Directions: Return each line of the data below exactly, omitting any pictures.

Input:
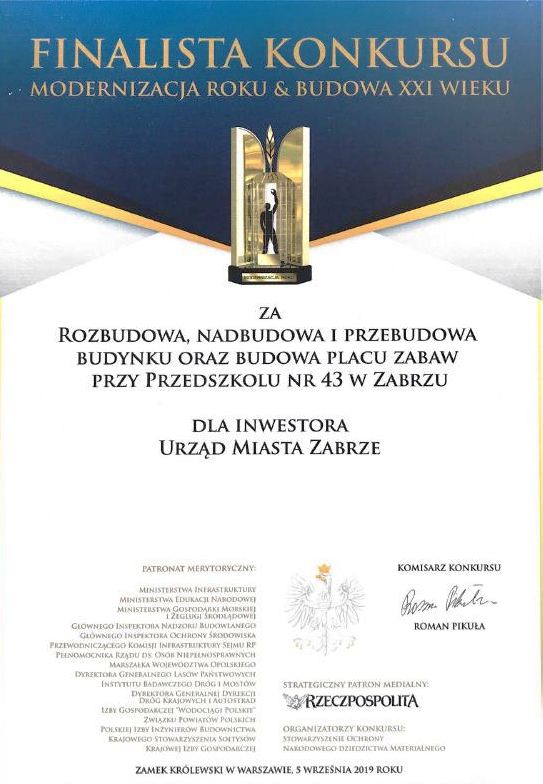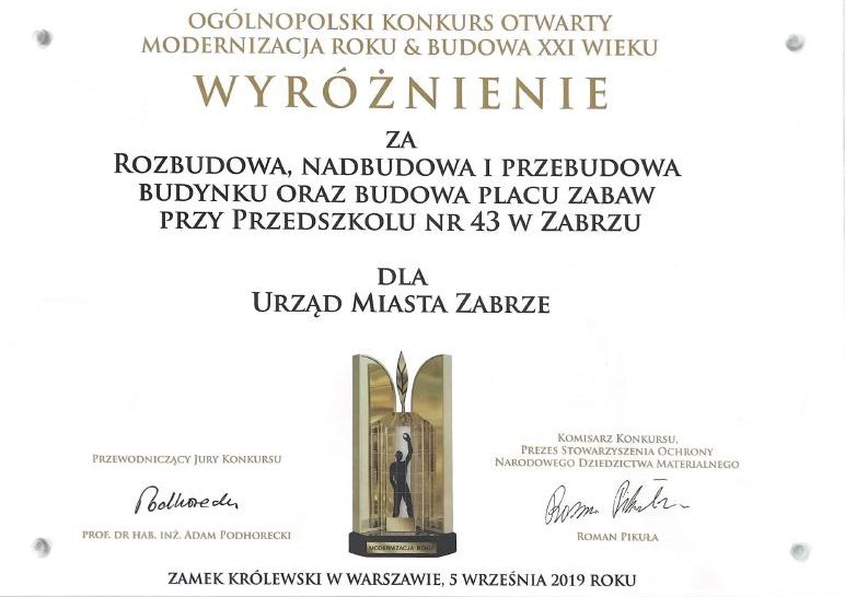 Przedszkole nr 43 w Zabrzu zdobyło wyróżnienie w XXIII edycji Ogólnopolskiego Konkursu Modernizacja Roku & Budowa XXI w.
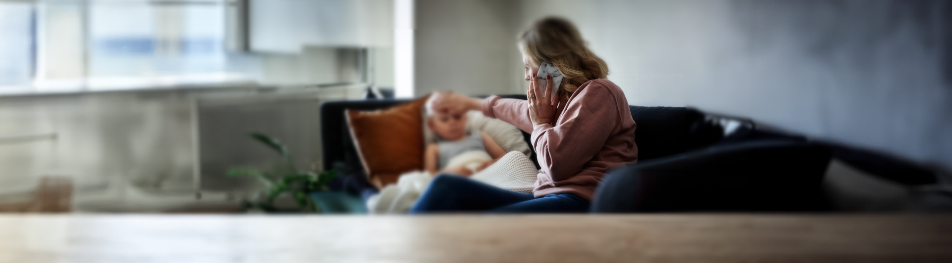 Kislány, aki anyukájával beszél, miközben az apa telefonon keresztül kér segítséget.
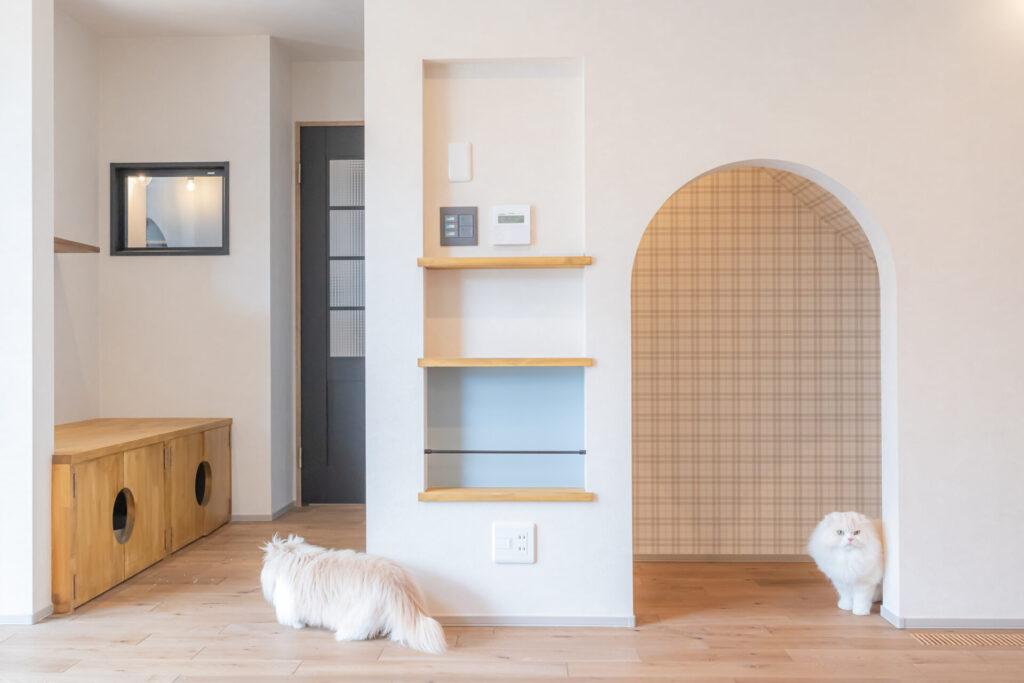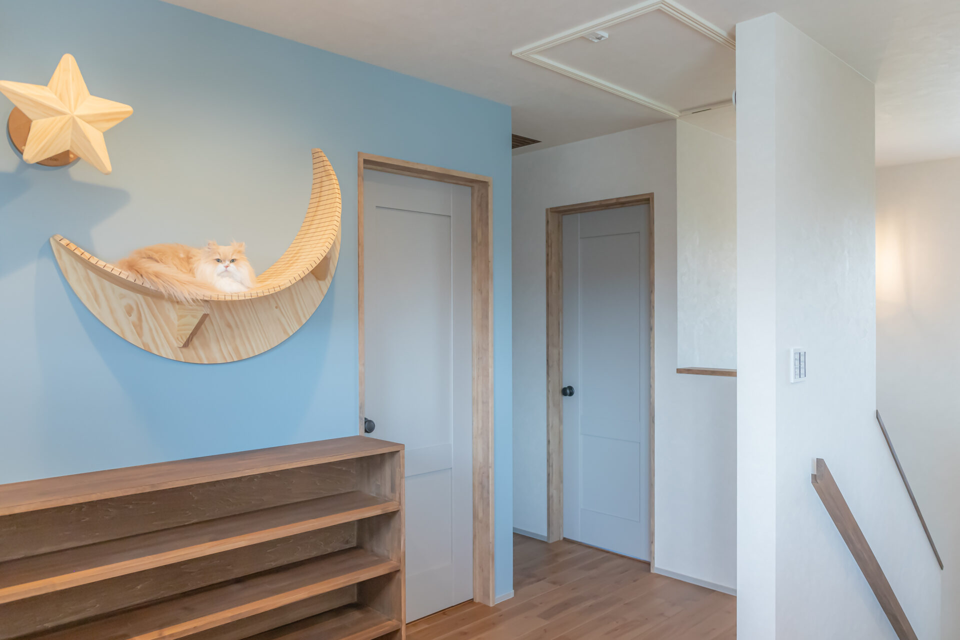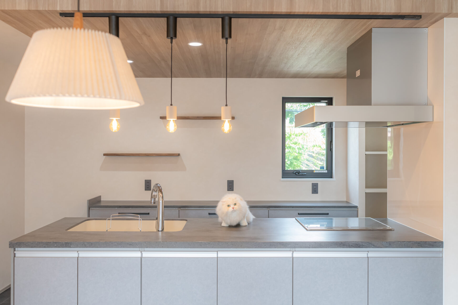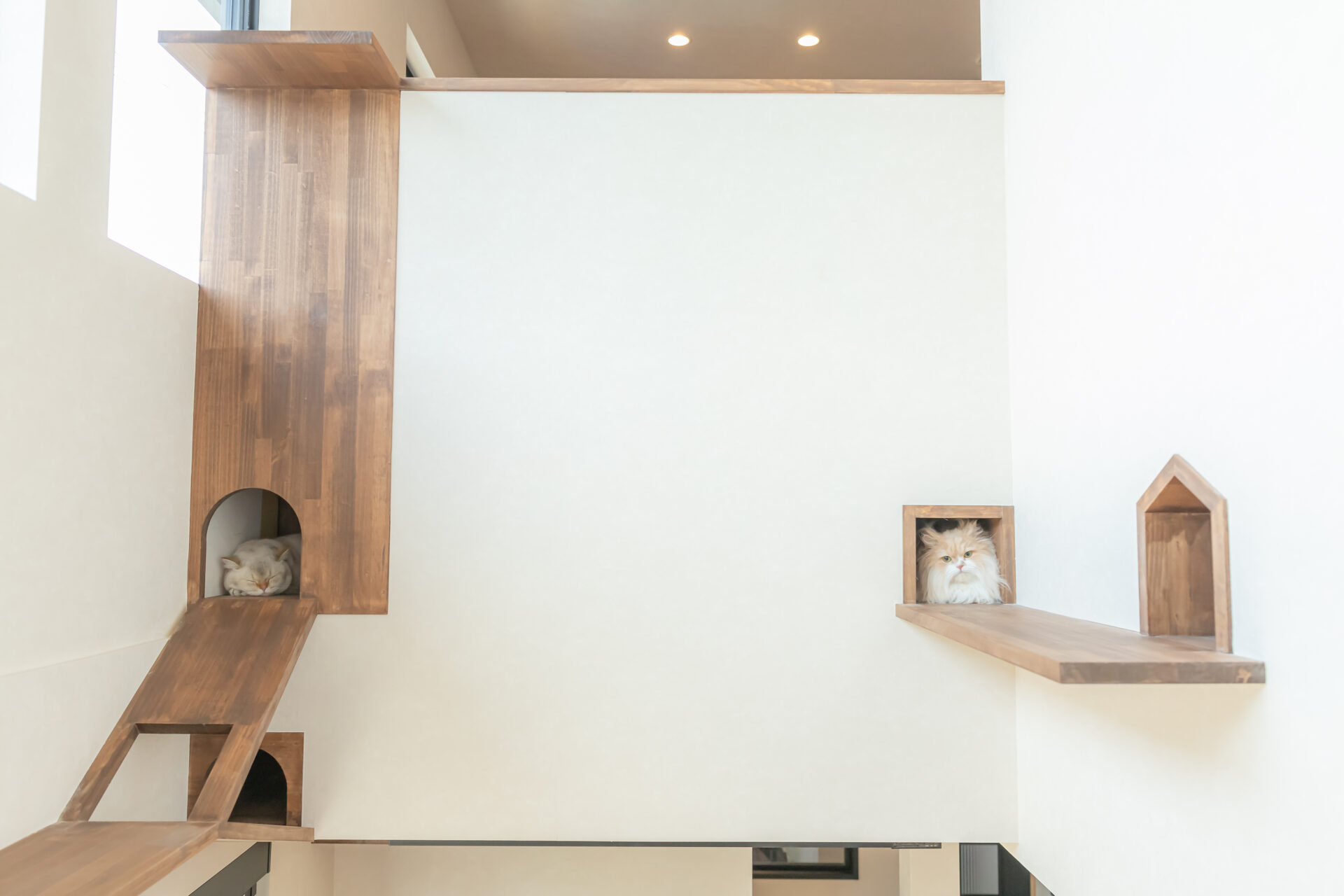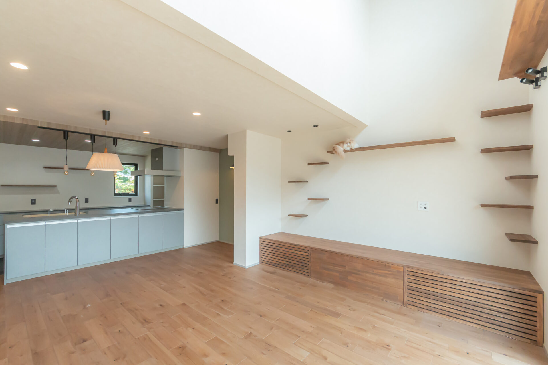 完成写真 猫と人が快適に暮らす家ー完成写真ー 2024年6月に引き渡しが完了いたしました。 外構工事がまだ残っていますが、すでに暮らしておられます。猫もお子さんたちも走り回って楽しそうでなによりです。 高断熱高気密の住宅は声も漏れにくいため、お子さんに「静かにしなさい」と言うことも減るでしょうね。まわりに気を遣いながら暮らすのはあまりにもストレスですし、猫にとっても人にとっても不健康な家になりかねません。 高断熱高気密の住宅はただただ部屋を温かくするだけじゃなく、その家に住む人たちを精神的にも良い方向へ導いてくれる気がします。 前の記事 次の記事 一覧へ戻る
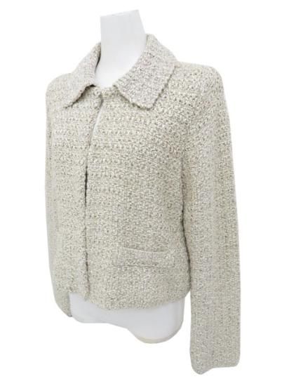 新品同様 FOXEY BOUTIQUE ニットジャケット ノワゼット 42602 ベージュ×ホワイト 42 '22年 #EX掲載
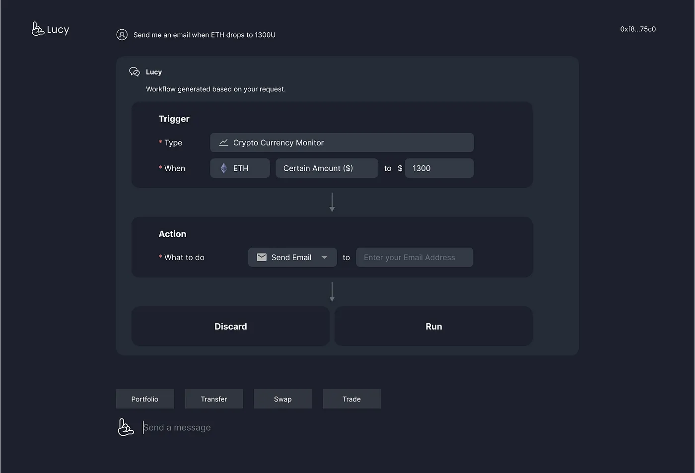 AI Chat 理解这些目标后,Lucy Beta 的算法会规划并搜索相关工作流程,列出实现这些目标所需的步骤。除必要的钱包操作外,每一步都设计为可自动执行,最大限度地减少用户手动操作,使过程尽可能顺畅和高效。
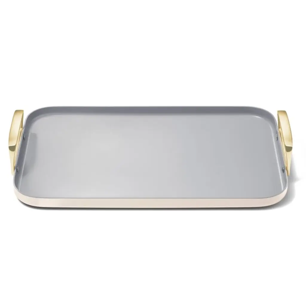 Caraway ® Cream Ceramic Non-Stick Double Burner Griddle With Gold Hardware
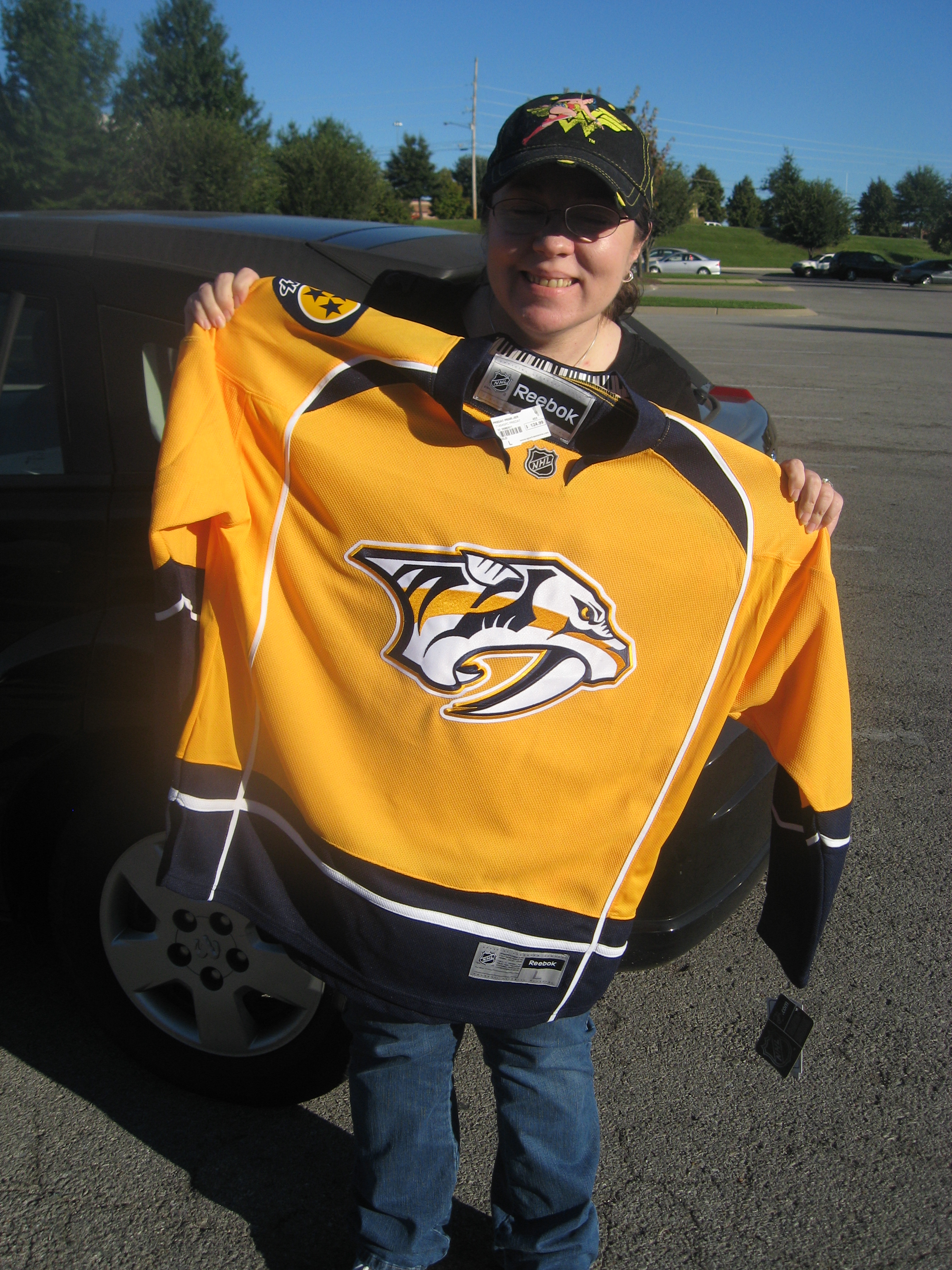 We found out a bit too late about the PredsFest 2011 (Nashville Predators Fan Fest) going on at the same time as the comic show, but Nicki was able to stop and pick up a new gold jersey before we left town. Also grabbed some Greek food near the shopping center for dinner before hitting the road back home. Those both made her happy!

Written response:
 Przedszkole nr 43 w Zabrzu zdobyło wyróżnienie w XXIII edycji Ogólnopolskiego Konkursu Modernizacja Roku & Budowa XXI w.
 Kislány, aki anyukájával beszél, miközben az apa telefonon keresztül kér segítséget.
 完成写真 猫と人が快適に暮らす家ー完成写真ー 2024年6月に引き渡しが完了いたしました。 外構工事がまだ残っていますが、すでに暮らしておられます。猫もお子さんたちも走り回って楽しそうでなによりです。 高断熱高気密の住宅は声も漏れにくいため、お子さんに「静かにしなさい」と言うことも減るでしょうね。まわりに気を遣いながら暮らすのはあまりにもストレスですし、猫にとっても人にとっても不健康な家になりかねません。 高断熱高気密の住宅はただただ部屋を温かくするだけじゃなく、その家に住む人たちを精神的にも良い方向へ導いてくれる気がします。 前の記事 次の記事 一覧へ戻る
 新品同様 FOXEY BOUTIQUE ニットジャケット ノワゼット 42602 ベージュ×ホワイト 42 '22年 #EX掲載
 AI Chat 理解这些目标后,Lucy Beta 的算法会规划并搜索相关工作流程,列出实现这些目标所需的步骤。除必要的钱包操作外,每一步都设计为可自动执行,最大限度地减少用户手动操作,使过程尽可能顺畅和高效。
 Caraway ® Cream Ceramic Non-Stick Double Burner Griddle With Gold Hardware
 We found out a bit too late about the PredsFest 2011 (Nashville Predators Fan Fest) going on at the same time as the comic show, but Nicki was able to stop and pick up a new gold jersey before we left town. Also grabbed some Greek food near the shopping center for dinner before hitting the road back home. Those both made her happy!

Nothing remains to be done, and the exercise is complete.